→ **Work required**
Nothing in the copy should be a picture; everything else in the listing is to be restated exactly.

== Material provided ==

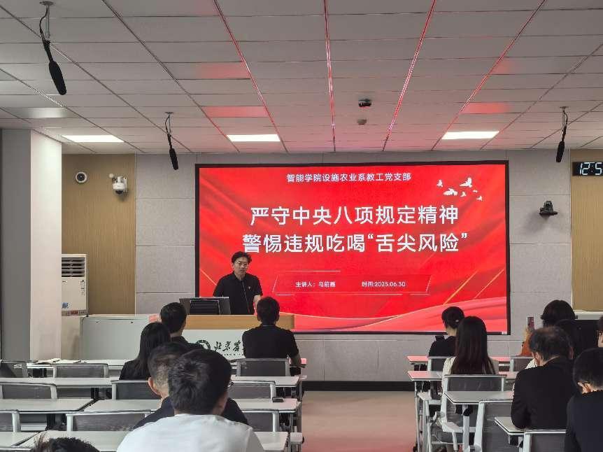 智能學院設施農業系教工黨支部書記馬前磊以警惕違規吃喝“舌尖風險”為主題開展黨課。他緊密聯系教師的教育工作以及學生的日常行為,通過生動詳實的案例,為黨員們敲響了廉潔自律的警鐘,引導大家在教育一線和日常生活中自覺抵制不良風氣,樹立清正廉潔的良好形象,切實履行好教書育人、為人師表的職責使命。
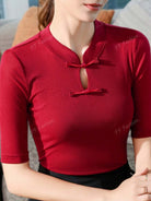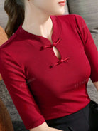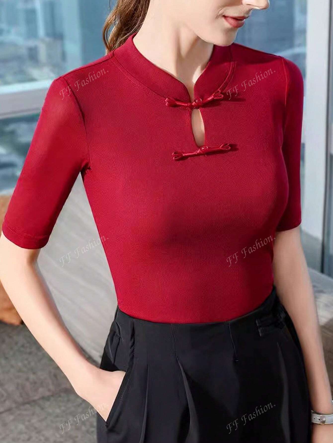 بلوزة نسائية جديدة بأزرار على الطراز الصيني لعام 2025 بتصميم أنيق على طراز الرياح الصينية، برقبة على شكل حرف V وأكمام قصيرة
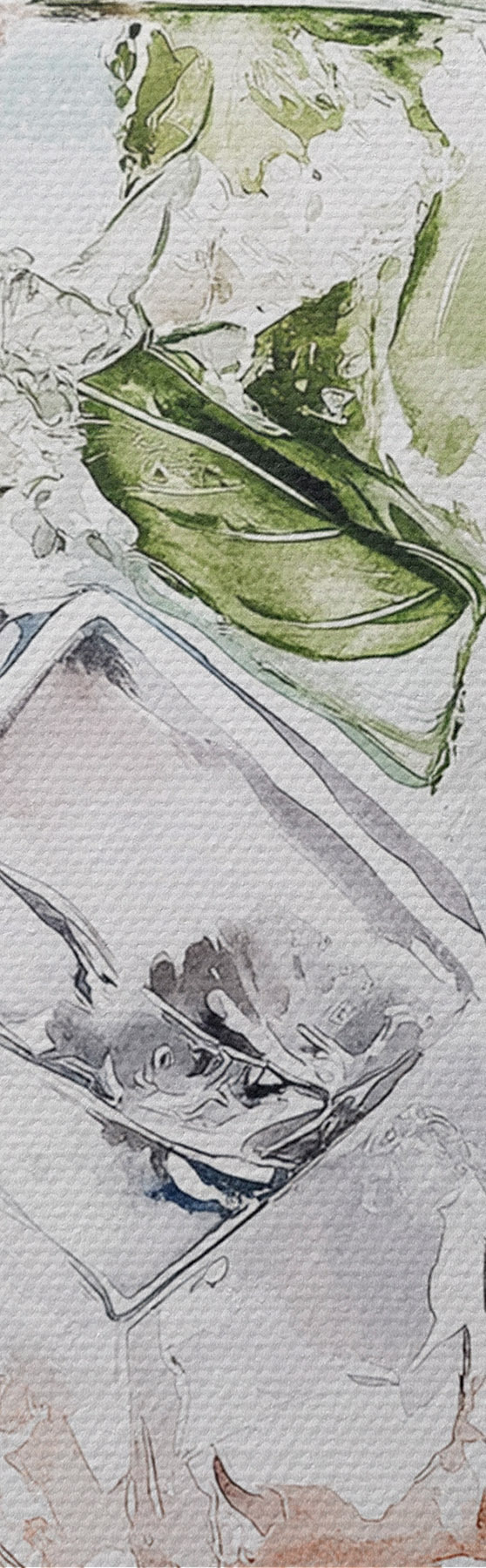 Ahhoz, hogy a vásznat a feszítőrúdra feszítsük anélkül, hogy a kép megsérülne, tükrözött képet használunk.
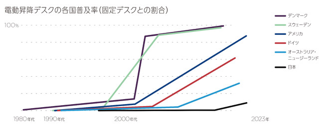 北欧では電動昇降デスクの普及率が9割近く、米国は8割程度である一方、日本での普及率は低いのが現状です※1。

===

→ **Exercise output**
 智能學院設施農業系教工黨支部書記馬前磊以警惕違規吃喝“舌尖風險”為主題開展黨課。他緊密聯系教師的教育工作以及學生的日常行為,通過生動詳實的案例,為黨員們敲響了廉潔自律的警鐘,引導大家在教育一線和日常生活中自覺抵制不良風氣,樹立清正廉潔的良好形象,切實履行好教書育人、為人師表的職責使命。
 بلوزة نسائية جديدة بأزرار على الطراز الصيني لعام 2025 بتصميم أنيق على طراز الرياح الصينية، برقبة على شكل حرف V وأكمام قصيرة
 Ahhoz, hogy a vásznat a feszítőrúdra feszítsük anélkül, hogy a kép megsérülne, tükrözött képet használunk.
 北欧では電動昇降デスクの普及率が9割近く、米国は8割程度である一方、日本での普及率は低いのが現状です※1。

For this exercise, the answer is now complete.